Mortgages make half of the banks’ revenue. On E&Y’s numbers, the 2019 full year results for the major banks showed that system growth for housing credit fell from 5.2 per cent to 3.1 per cent over the 12 months to September 2019. 

As E&Y highlights, declining market share and margin pressure as interest rates fall suggest that the major banks will struggle to grow housing credit in the next year. No doubt their loan book will be keenly monitored in their 2020 half-year results. 

RFi Group chief operating officer Alan Shields and speaker at this month's RFi Group Mortgage Innovation Summit sees a big opportunity in the millennial market and predicts that by 2025, millennials will account for half of all mortgage balances outstanding – the equivalent of 1.1 trillion in lending. 

Shields believes lenders should prioritize this market amid a benign environment. 

The latest RFi Group data has highlighted that mutual and regionals and online banks have picked up a higher proportion of people who have chosen to switch their mortgages – the bulk being a younger cohort. 
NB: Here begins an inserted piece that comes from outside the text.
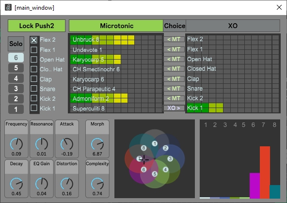 | Description: | It’s all about repetition and creating variation. I’ve always liked Microtonic and now there is XO. Two great drum VST’s that are technically miles apart. This MaxForLive project combines them into a device that is more than just the sum of the two. XO is all about samples. Microtonic is a drum synth, no sample in sight. These are two worlds that will never meet. But wait. From every Microtonic preset a sample can be made. This is the first step. We select a set of MTDRUM and MTPRESET files to make WAV’s. My set has about 6.500 presets; the automated process that makes a WAV file of all of them takes about 6 hours. The good news is that this has to be done only once. Then XO comes in to analyze these samples. After that Microtonic and XO are at the same level. Every WAV in the XO database corresponds with a preset for Microtonic. The XO database is standard SQLite and not encrypted, cudo’s to XLN! Now we can make drumsets in XO from the Microtonic samples and import them back into Microtonic. Microtonic uses the XO database to select the presets that belong to the samples. It also selects 7 others per preset that sound just a little bit different. You can morph between these presets while playing live to create variation. Just like in XO you can filter on length, frequency, type and ’drumminess’. Both Microtonic and XO have 8 pads. Their VST’s are embedded in the same MaxForLive device. This combines into a drumrack with a total of 16 pads with MIDI notes ranging from 36 to 51 (C1 to D#2). By default the first 8 trigger the Microtonic and the upper 8 trigger the XO, but you can swap these for each pad separately. This time coding MaxForlive has grown into a complete drumrack solution with access to 8 separate drumtracks. In all places where needed there is a dedicated MaxForLive device. All of these devices are contained in this package. This project is for you if you have fully working versions of both MicroTonic and XO. A Push 2 will help to operate it, but is not needed for any function. To avoid copyright issues no part from SonicCharge’s MicroTonic or XLN’s XO is included in this package. I’m considering two additions to do in the future: 1. Add Push 2 functionality for the XO 2. Add a way to save the drumsets you make, including import of MIDI from XO patterns. I’m not much of a musician myself. What I have in mind is improvising with this project with Novation Circuit playing the melodic parts. It should become an Electribe on steroids. It will be all about repetition and subtle movements, no saving is needed in this stage. In Holland, april 2020, we have what is called an ‘intelligent lockdown’. This means I can go where I like if I want to. But we are advised to stay at home if we don’t need to be outdoors. A great majority of people, including myself, behaves this way. This means I will have a lot of time in the months to come to play with this project and improve on it. This is the first working version and I’m looking forward to read what you think of it. This package comes with a 24 page manual to explain all functionality. There a lot going on in this project, perhaps you can pick up some ideas for yourself, even if you don’t have both MicroTonic and XO. |

Mutual banks garnered an 8 per cent increase in switchers while for regionals and online banks, growth in the number of switchers was up 2 per cent.

However, Shields urges caution over the data adding that younger consumers generally are more likely to switch as they are at a stage in life where they need to buy homes, start families, get married etc. 

“It’s driven by need for products, rather than a particular value proposition.” 

Nevertheless, such a value proposition can be developed by financial institutions. 

For Shields, if banks are to engage millennials, the journey has to start with savings. 

According to RFi Group research, a house deposit is the second most important factor, behind travel for millennials. 

“This has been a top three savings goal for millennials for more than a decade, through ups and downs of credit availability and property prices,” Shields said. He added that engagement of these customers then, begins well before the mortgage is even thought about. It begins when they begin to bank.

The way they will engage will also be key. 

Gone will be the days of mass advertising in mainstream media. 

Shield says millennials are more likely to watch Youtube daily (42 per cent) than commercial television (32 per cent) and 65 per cent of millennials visit Facebook or Instagram daily. 

With open banking and the rise of personal finance management tools – which according to RFi Group appeal significantly more to millennials – Shields says the range of tools that help to engage a customer through their savings journey is also growing. 

“Understanding which ones to develop/partner with will be key,” he said. 

The full report is featured in our February edition of the AB+F Digital Magazine.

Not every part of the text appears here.